[DATA SECTION Boundary: Start]

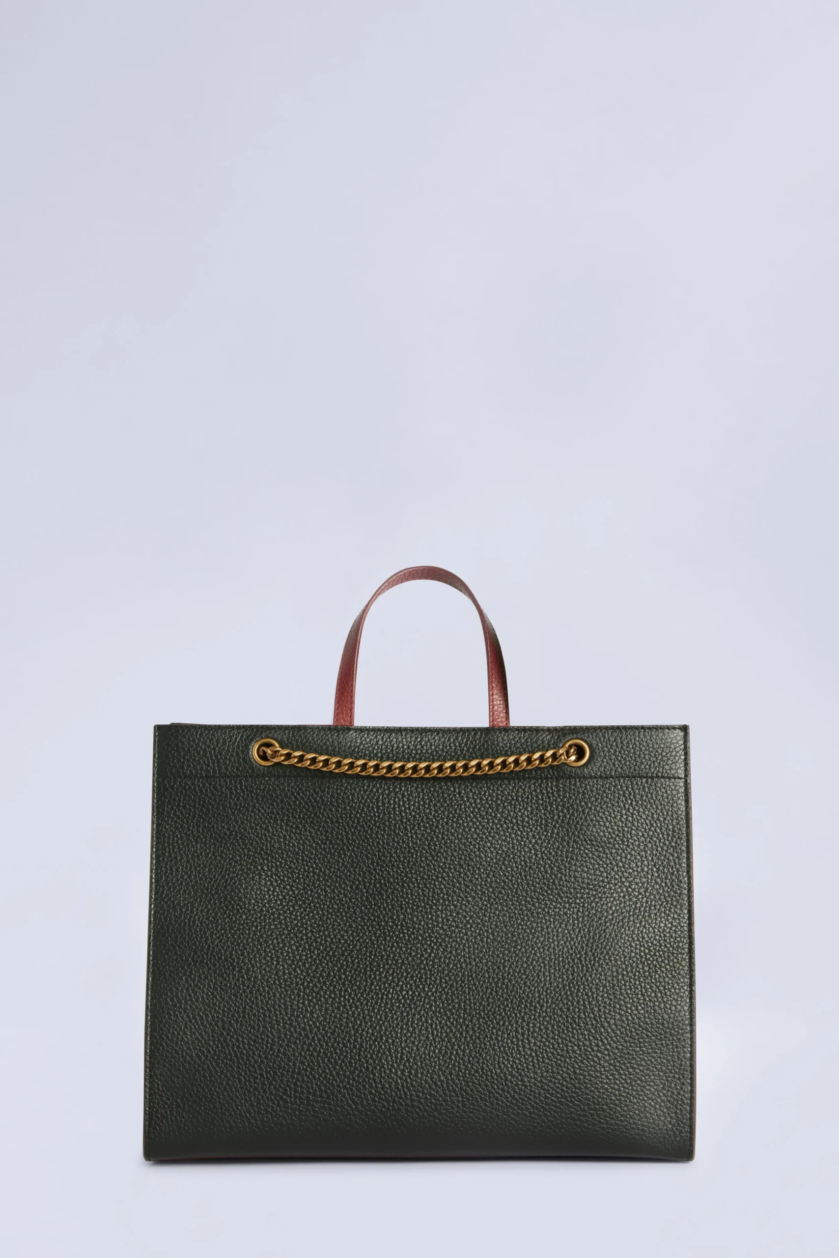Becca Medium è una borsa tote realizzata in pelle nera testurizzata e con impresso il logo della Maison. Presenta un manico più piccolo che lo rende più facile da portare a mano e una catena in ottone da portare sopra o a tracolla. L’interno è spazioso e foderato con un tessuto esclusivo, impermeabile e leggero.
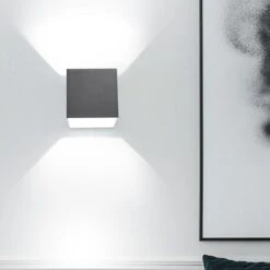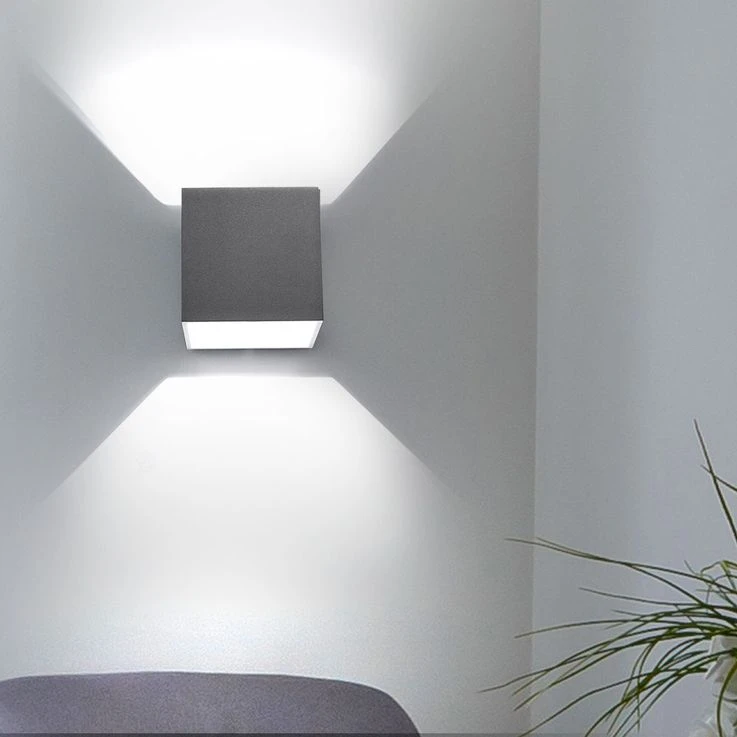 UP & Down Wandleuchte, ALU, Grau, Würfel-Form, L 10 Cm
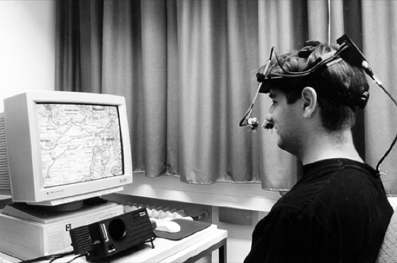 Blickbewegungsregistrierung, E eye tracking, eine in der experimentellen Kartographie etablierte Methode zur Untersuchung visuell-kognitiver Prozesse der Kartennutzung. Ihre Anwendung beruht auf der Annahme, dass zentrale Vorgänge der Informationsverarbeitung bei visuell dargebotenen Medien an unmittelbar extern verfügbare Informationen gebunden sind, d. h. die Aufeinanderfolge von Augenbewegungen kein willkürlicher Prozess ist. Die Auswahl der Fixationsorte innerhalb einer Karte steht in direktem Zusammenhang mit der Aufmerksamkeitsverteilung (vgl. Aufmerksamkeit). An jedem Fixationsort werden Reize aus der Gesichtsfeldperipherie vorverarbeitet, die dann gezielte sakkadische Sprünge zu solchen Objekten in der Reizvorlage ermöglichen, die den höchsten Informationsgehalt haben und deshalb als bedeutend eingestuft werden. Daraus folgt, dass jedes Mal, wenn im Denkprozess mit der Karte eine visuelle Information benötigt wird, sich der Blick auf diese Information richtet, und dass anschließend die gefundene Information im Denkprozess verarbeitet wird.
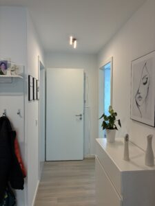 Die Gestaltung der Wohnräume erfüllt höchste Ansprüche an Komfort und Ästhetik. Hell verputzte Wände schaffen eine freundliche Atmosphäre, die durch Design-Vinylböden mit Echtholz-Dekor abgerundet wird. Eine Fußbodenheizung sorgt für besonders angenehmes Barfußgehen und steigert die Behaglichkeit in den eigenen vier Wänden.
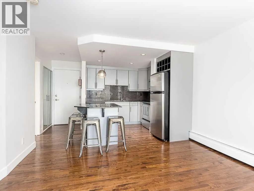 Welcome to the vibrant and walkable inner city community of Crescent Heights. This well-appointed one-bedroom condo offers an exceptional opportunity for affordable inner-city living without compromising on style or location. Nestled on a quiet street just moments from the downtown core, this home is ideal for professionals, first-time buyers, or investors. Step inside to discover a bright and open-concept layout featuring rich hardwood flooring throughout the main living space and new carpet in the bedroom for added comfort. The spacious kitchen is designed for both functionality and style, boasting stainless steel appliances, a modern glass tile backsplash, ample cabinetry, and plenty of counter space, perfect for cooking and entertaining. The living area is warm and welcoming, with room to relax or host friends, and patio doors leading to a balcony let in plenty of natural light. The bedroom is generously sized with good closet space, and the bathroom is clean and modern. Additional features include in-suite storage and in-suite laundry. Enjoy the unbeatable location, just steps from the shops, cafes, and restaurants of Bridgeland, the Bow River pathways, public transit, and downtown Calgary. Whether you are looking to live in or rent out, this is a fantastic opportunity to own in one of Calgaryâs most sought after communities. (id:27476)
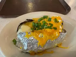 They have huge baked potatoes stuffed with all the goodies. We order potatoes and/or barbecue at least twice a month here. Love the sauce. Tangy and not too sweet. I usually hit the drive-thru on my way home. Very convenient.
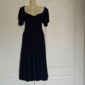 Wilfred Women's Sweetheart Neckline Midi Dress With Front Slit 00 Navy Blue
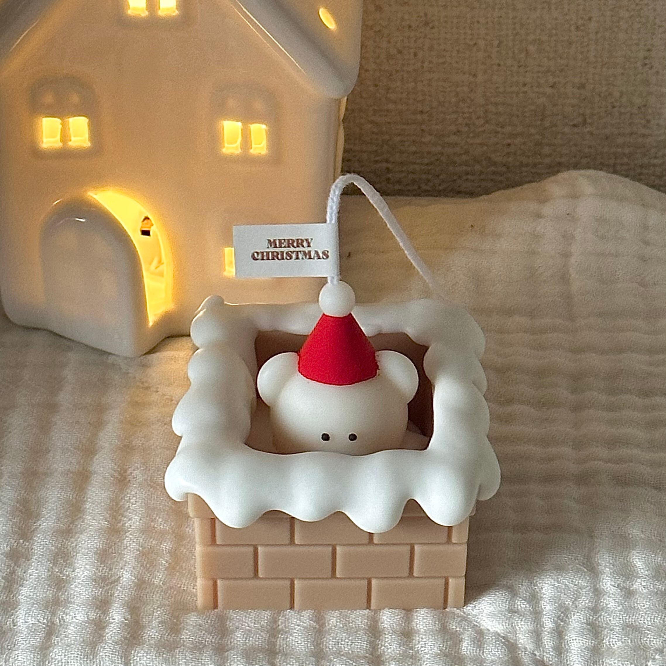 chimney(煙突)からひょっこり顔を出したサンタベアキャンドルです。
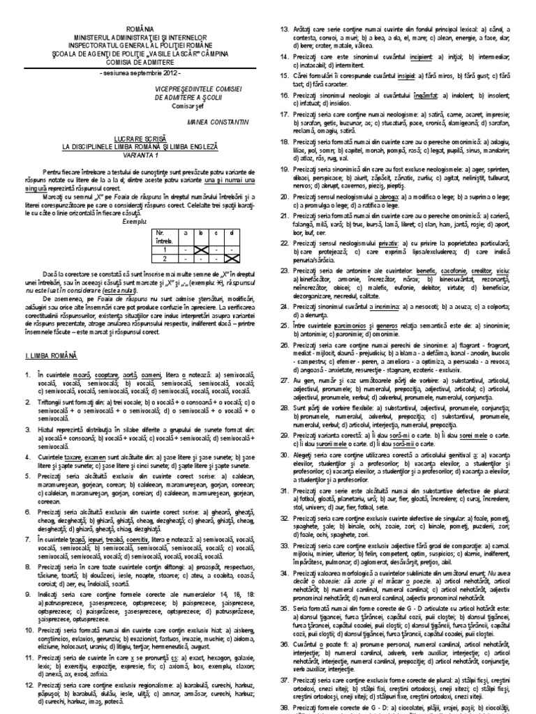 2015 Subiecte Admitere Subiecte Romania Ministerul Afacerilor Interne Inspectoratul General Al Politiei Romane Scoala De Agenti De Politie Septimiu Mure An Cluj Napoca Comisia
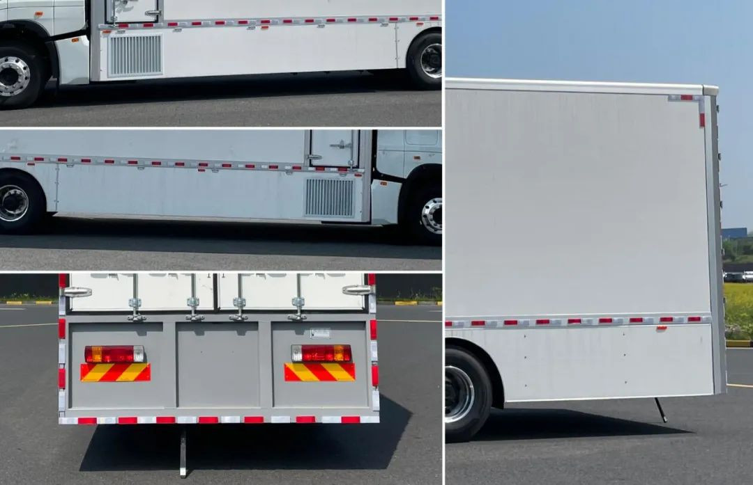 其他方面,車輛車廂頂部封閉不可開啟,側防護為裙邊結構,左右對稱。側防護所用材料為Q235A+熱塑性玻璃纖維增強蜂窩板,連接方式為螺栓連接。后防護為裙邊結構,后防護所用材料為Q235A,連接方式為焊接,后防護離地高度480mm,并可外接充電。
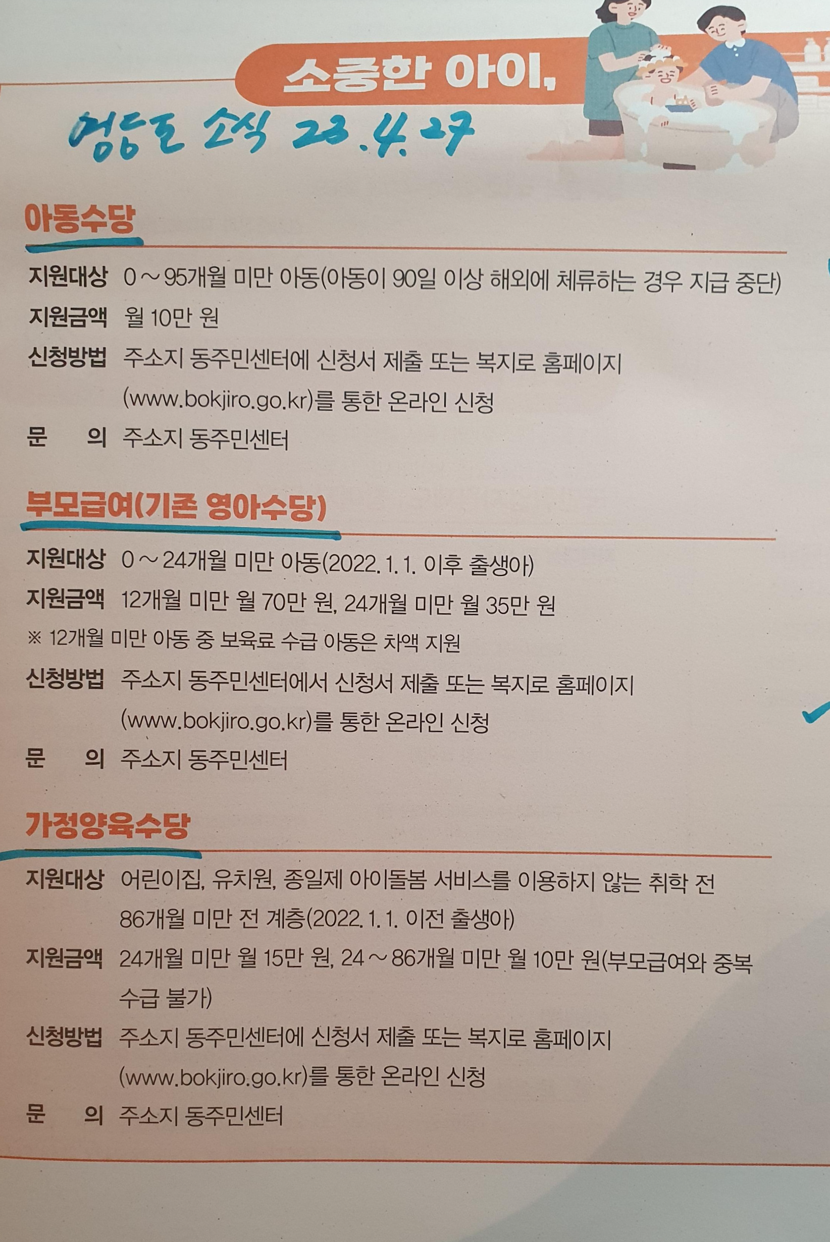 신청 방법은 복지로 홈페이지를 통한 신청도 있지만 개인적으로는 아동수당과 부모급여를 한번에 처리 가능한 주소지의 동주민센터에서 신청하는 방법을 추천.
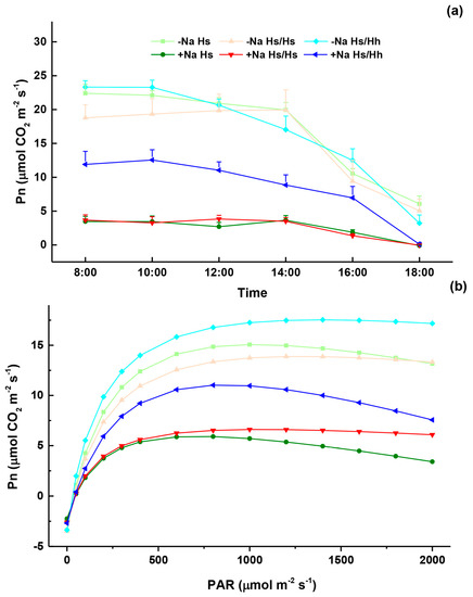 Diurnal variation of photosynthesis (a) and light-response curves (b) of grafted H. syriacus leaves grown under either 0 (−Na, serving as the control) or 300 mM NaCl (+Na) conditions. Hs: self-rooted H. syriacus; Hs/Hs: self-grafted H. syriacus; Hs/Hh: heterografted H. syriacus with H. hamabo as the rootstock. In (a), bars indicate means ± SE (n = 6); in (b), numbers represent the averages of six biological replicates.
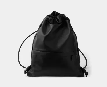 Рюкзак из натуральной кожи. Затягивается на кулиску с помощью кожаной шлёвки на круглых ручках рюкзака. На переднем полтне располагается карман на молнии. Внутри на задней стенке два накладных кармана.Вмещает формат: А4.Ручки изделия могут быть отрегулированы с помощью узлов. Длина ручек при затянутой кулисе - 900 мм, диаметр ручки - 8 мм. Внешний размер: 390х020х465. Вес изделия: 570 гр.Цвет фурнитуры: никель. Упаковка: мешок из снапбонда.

[DATA SECTION Boundary: End]

WHAT IS NEEDED =>
All of the material above needs to be restated exactly, with no pictures.

SOLUTION BELOW =>
Becca Medium è una borsa tote realizzata in pelle nera testurizzata e con impresso il logo della Maison. Presenta un manico più piccolo che lo rende più facile da portare a mano e una catena in ottone da portare sopra o a tracolla. L’interno è spazioso e foderato con un tessuto esclusivo, impermeabile e leggero.
 UP & Down Wandleuchte, ALU, Grau, Würfel-Form, L 10 Cm
 Blickbewegungsregistrierung, E eye tracking, eine in der experimentellen Kartographie etablierte Methode zur Untersuchung visuell-kognitiver Prozesse der Kartennutzung. Ihre Anwendung beruht auf der Annahme, dass zentrale Vorgänge der Informationsverarbeitung bei visuell dargebotenen Medien an unmittelbar extern verfügbare Informationen gebunden sind, d. h. die Aufeinanderfolge von Augenbewegungen kein willkürlicher Prozess ist. Die Auswahl der Fixationsorte innerhalb einer Karte steht in direktem Zusammenhang mit der Aufmerksamkeitsverteilung (vgl. Aufmerksamkeit). An jedem Fixationsort werden Reize aus der Gesichtsfeldperipherie vorverarbeitet, die dann gezielte sakkadische Sprünge zu solchen Objekten in der Reizvorlage ermöglichen, die den höchsten Informationsgehalt haben und deshalb als bedeutend eingestuft werden. Daraus folgt, dass jedes Mal, wenn im Denkprozess mit der Karte eine visuelle Information benötigt wird, sich der Blick auf diese Information richtet, und dass anschließend die gefundene Information im Denkprozess verarbeitet wird.
 Die Gestaltung der Wohnräume erfüllt höchste Ansprüche an Komfort und Ästhetik. Hell verputzte Wände schaffen eine freundliche Atmosphäre, die durch Design-Vinylböden mit Echtholz-Dekor abgerundet wird. Eine Fußbodenheizung sorgt für besonders angenehmes Barfußgehen und steigert die Behaglichkeit in den eigenen vier Wänden.
 Welcome to the vibrant and walkable inner city community of Crescent Heights. This well-appointed one-bedroom condo offers an exceptional opportunity for affordable inner-city living without compromising on style or location. Nestled on a quiet street just moments from the downtown core, this home is ideal for professionals, first-time buyers, or investors. Step inside to discover a bright and open-concept layout featuring rich hardwood flooring throughout the main living space and new carpet in the bedroom for added comfort. The spacious kitchen is designed for both functionality and style, boasting stainless steel appliances, a modern glass tile backsplash, ample cabinetry, and plenty of counter space, perfect for cooking and entertaining. The living area is warm and welcoming, with room to relax or host friends, and patio doors leading to a balcony let in plenty of natural light. The bedroom is generously sized with good closet space, and the bathroom is clean and modern. Additional features include in-suite storage and in-suite laundry. Enjoy the unbeatable location, just steps from the shops, cafes, and restaurants of Bridgeland, the Bow River pathways, public transit, and downtown Calgary. Whether you are looking to live in or rent out, this is a fantastic opportunity to own in one of Calgaryâs most sought after communities. (id:27476)
 They have huge baked potatoes stuffed with all the goodies. We order potatoes and/or barbecue at least twice a month here. Love the sauce. Tangy and not too sweet. I usually hit the drive-thru on my way home. Very convenient.
 Wilfred Women's Sweetheart Neckline Midi Dress With Front Slit 00 Navy Blue
 chimney(煙突)からひょっこり顔を出したサンタベアキャンドルです。
 2015 Subiecte Admitere Subiecte Romania Ministerul Afacerilor Interne Inspectoratul General Al Politiei Romane Scoala De Agenti De Politie Septimiu Mure An Cluj Napoca Comisia
 其他方面,車輛車廂頂部封閉不可開啟,側防護為裙邊結構,左右對稱。側防護所用材料為Q235A+熱塑性玻璃纖維增強蜂窩板,連接方式為螺栓連接。后防護為裙邊結構,后防護所用材料為Q235A,連接方式為焊接,后防護離地高度480mm,并可外接充電。
 신청 방법은 복지로 홈페이지를 통한 신청도 있지만 개인적으로는 아동수당과 부모급여를 한번에 처리 가능한 주소지의 동주민센터에서 신청하는 방법을 추천.
 Diurnal variation of photosynthesis (a) and light-response curves (b) of grafted H. syriacus leaves grown under either 0 (−Na, serving as the control) or 300 mM NaCl (+Na) conditions. Hs: self-rooted H. syriacus; Hs/Hs: self-grafted H. syriacus; Hs/Hh: heterografted H. syriacus with H. hamabo as the rootstock. In (a), bars indicate means ± SE (n = 6); in (b), numbers represent the averages of six biological replicates.
 Рюкзак из натуральной кожи. Затягивается на кулиску с помощью кожаной шлёвки на круглых ручках рюкзака. На переднем полтне располагается карман на молнии. Внутри на задней стенке два накладных кармана.Вмещает формат: А4.Ручки изделия могут быть отрегулированы с помощью узлов. Длина ручек при затянутой кулисе - 900 мм, диаметр ручки - 8 мм. Внешний размер: 390х020х465. Вес изделия: 570 гр.Цвет фурнитуры: никель. Упаковка: мешок из снапбонда.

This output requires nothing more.